Check the above diagram as an example.
The grandfather is the root position from where search is called with depth = 2.
Therefore at grandfather, depth = 2
He has 2 sons - father1 and father2.
Whenever, the position at father1 or father2 is called, depth = 1.
In a DFS father1 and father2 will not be compared directly till depth = 0 is reached.
Hence, first father1 is picked. To evaluate him completely, his sons are picked.
When the positions at sons are reached, then depth = 0.
There is no further move generation and eval is returned.
son1 is the best move at depth = 1.
The value of father1 = value of son1 (2) at depth = 1.
father1 returns this value to grandfather.
Now grandfather finds out that at depth = 2, father1 is the best as father2 is not yet evaluated (He compares father1 with -infinity)
He updates his score to that of father1 (2).
Also, he records that best move at depth = 2 is father1.
Hence pv at depth = 2 is best move at depth = 2 + pv at depth = 1
pv at depth = 2 is father1,son1.
Then father2 is evaluated.
son2 is the best move for father2.
He updates his score = -4.
He updates that the best move at depth = 1 is son2.
He returns this information to grandfather at depth = 2.
Grandfather finds out that he is not better than father1 and rejects him (does nothing or he will go for father3).
If son2 would have score > 2 (say 5) and then father2 would have score = 5.
Grandfather would find that 5 > 2.
He would update his score = 5.
He would update that best move at depth = 2 is father2.
pv at depth = 2 is best move at depth = 2 + pv at depth = 1.
But now, pv at depth = 1 would have been son2.
Hence, pv at depth = 2 would be father2,son2
Also notice that finally, the score of grandfather will be equal to score of son1 or son2 whosoever is best.
Implementation in TSCP:
In TSCP, there are 2 data sets used to collect pv (refer data.c and search.c).

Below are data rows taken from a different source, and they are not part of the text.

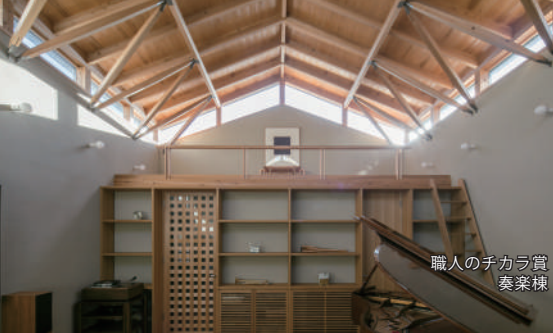
職人のチカラ賞 奏楽棟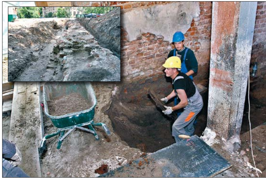
Svētās Trīsvienības baznīcas tornī sākušies rekonstrukcijas darbi, bet objektā strādā arī arheologi – viņi ir atrakuši vecās baznīcas pamatus un vairākus 17. gadsimta apbedījumus.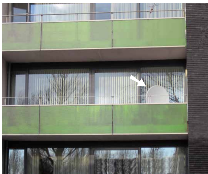
Schotelantenne goed geplaatst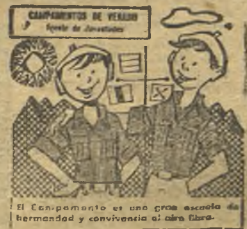
El Campamento es una gran escuela de hermandad y convivencia al aire libre.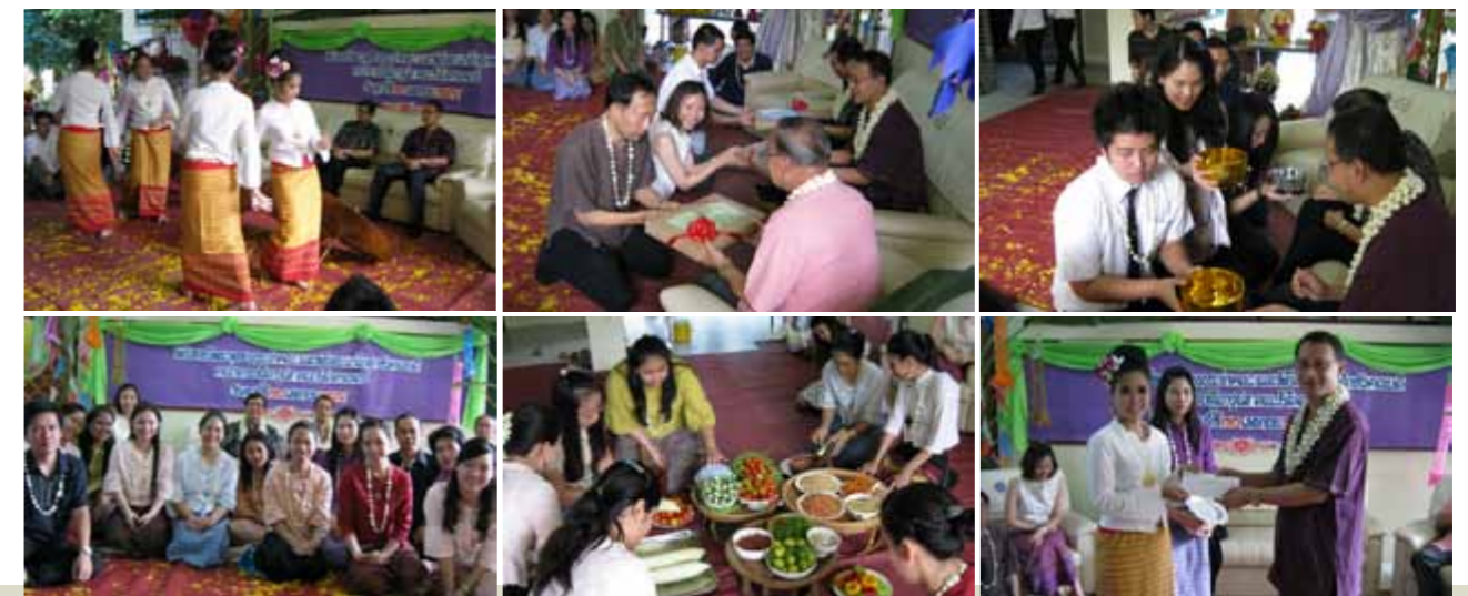
โครงการจัดกิจกรรมดำหัวปีใหม่เมือง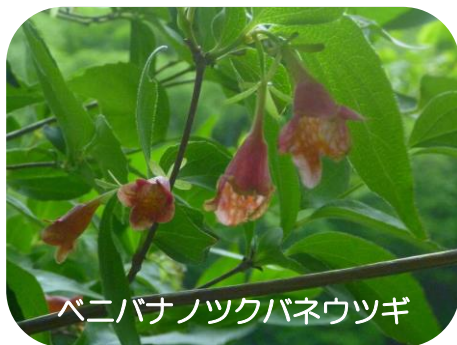
ベニバナノツクバネウツギ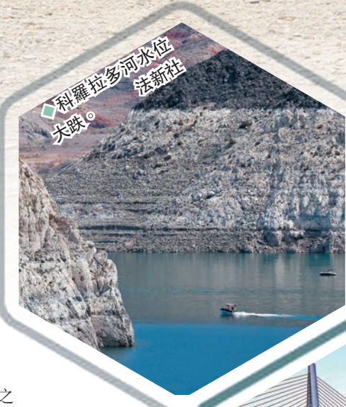
科羅拉多河水位大跌。

科羅拉多河缺水危機的後果非常嚴重，原因是有多達7個州份及鄰國墨西哥部分地區共約4,000萬人，都是依賴它的河水作飲用、農業灌溉及發電。由於高溫乾旱天氣持續，美國墾務局已呼籲該7個州份至少在未來四年都要節約用水。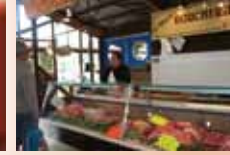
Boucherie-Charcuterie MARCHAND Dimanche et Jeudi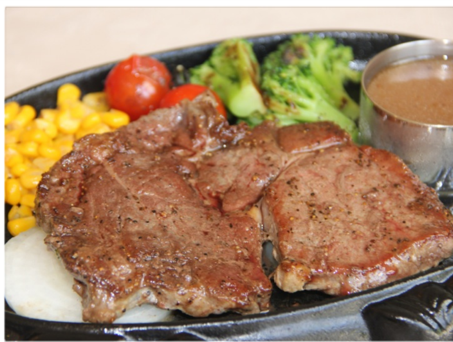
シェフズ・ステーキ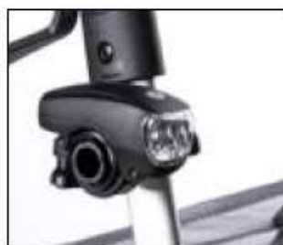
// 7109095 Eclairage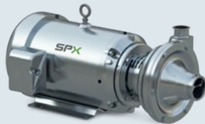
Waukesha magnetisch gekoppelde centrifugaalpomp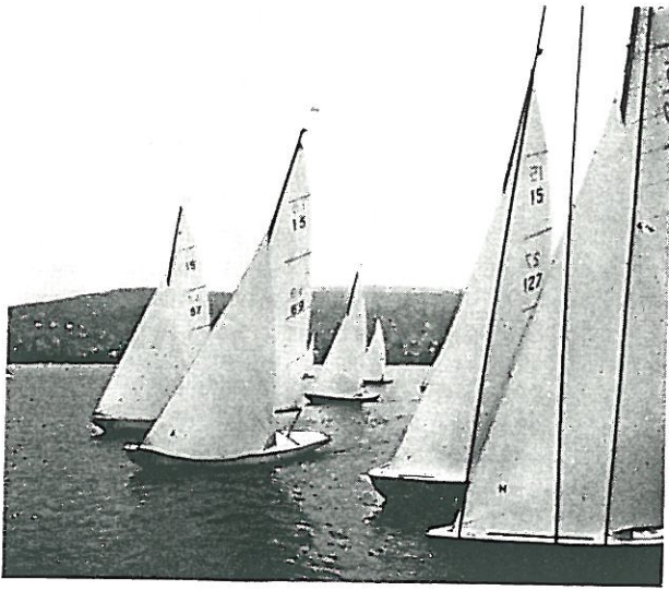
Die 15-m 2 -SNS am Start vor Thalwil

move pv[MAX_PLY][MAX_PLY];
int pv_length[MAX_PLY];
Also pv is collected not using depth variable but using ply variable.
ply will inversely vary with depth i.e. depth will decrease by 1 and ply will increase by 1.
At root position (grandfather), depth = 2 but ply = 0.
At the sons, depth = 0 and ply = 2.
The best move at a particular ply will always be stored as the diagonal element of the pv[ ][ ] array.
pv[ply][ply] = gen_dat[i].m;
E.g. here, first, whenever min or max would be called, pv_length[ply] = ply will be updated.
Only then it will be checked, whether depth == 0 and eval() will be returned.
Initially when father1 is evaluated fully,
pv_length[2] = 2,
pv_length[1] = 1
and pv[1][1] = son1
ply = 1
The code (search.c) is
for (j = ply + 1; j < pv_length[ply + 1]; ++j)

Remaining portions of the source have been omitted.